--- Record extracts ---

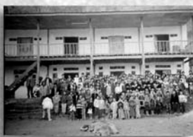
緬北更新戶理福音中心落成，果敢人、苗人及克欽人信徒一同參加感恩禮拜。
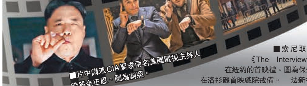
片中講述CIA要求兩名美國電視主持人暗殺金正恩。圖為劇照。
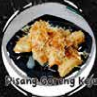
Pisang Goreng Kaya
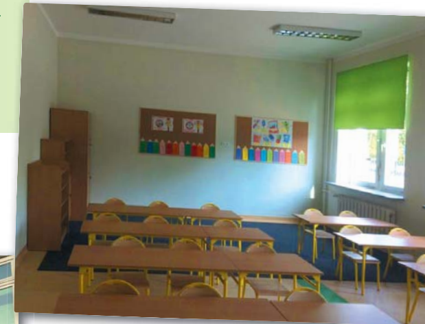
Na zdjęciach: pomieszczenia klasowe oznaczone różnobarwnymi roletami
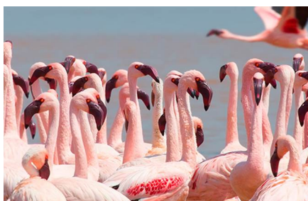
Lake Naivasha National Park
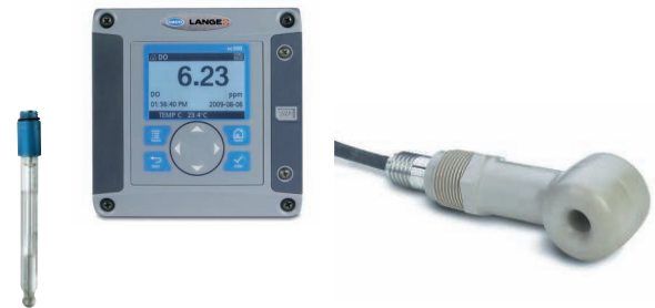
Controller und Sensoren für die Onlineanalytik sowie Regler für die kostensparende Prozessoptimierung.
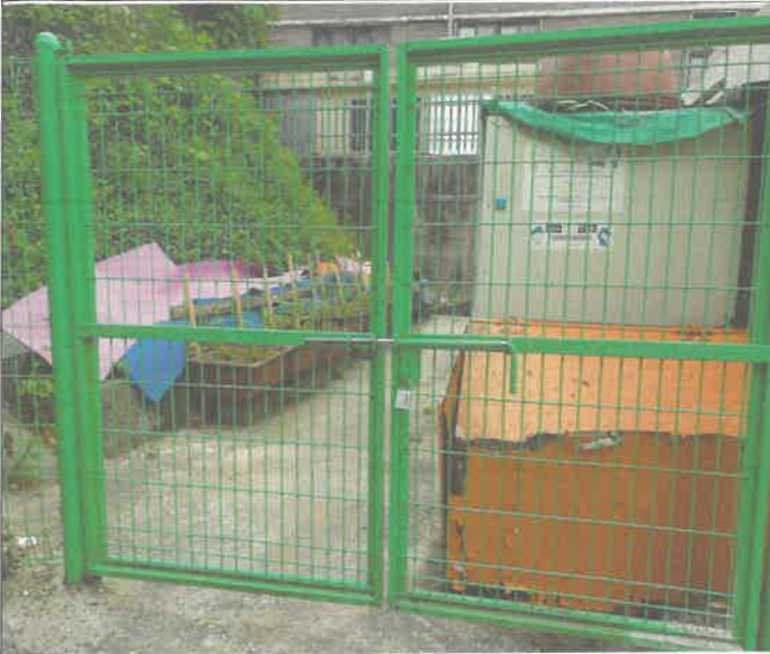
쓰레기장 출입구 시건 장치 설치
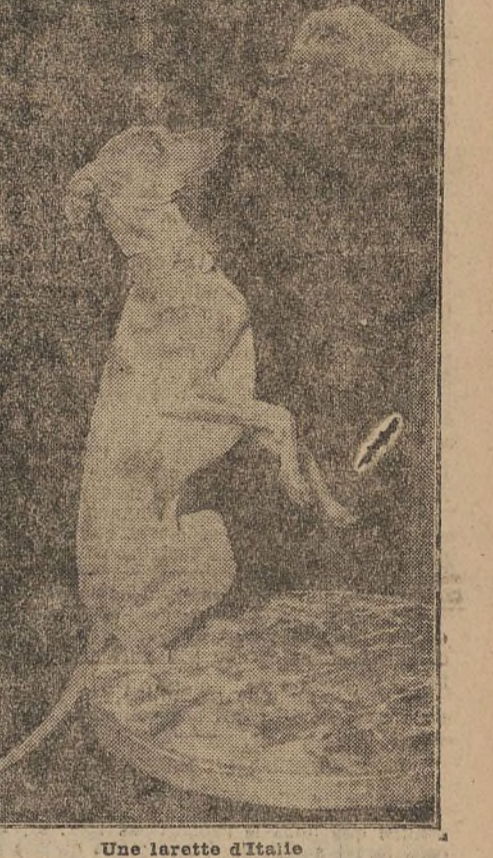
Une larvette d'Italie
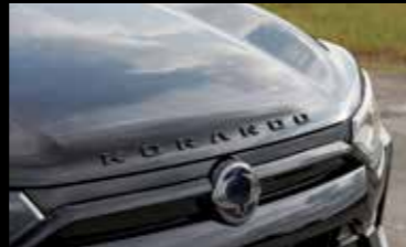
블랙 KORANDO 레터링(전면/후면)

--- Assignment ---
Without the pictures, output the full listing exactly as it stands.

--- Written response ---
緬北更新戶理福音中心落成，果敢人、苗人及克欽人信徒一同參加感恩禮拜。
片中講述CIA要求兩名美國電視主持人暗殺金正恩。圖為劇照。
Pisang Goreng Kaya
Na zdjęciach: pomieszczenia klasowe oznaczone różnobarwnymi roletami
Lake Naivasha National Park
Controller und Sensoren für die Onlineanalytik sowie Regler für die kostensparende Prozessoptimierung.
쓰레기장 출입구 시건 장치 설치
Une larvette d'Italie
블랙 KORANDO 레터링(전면/후면)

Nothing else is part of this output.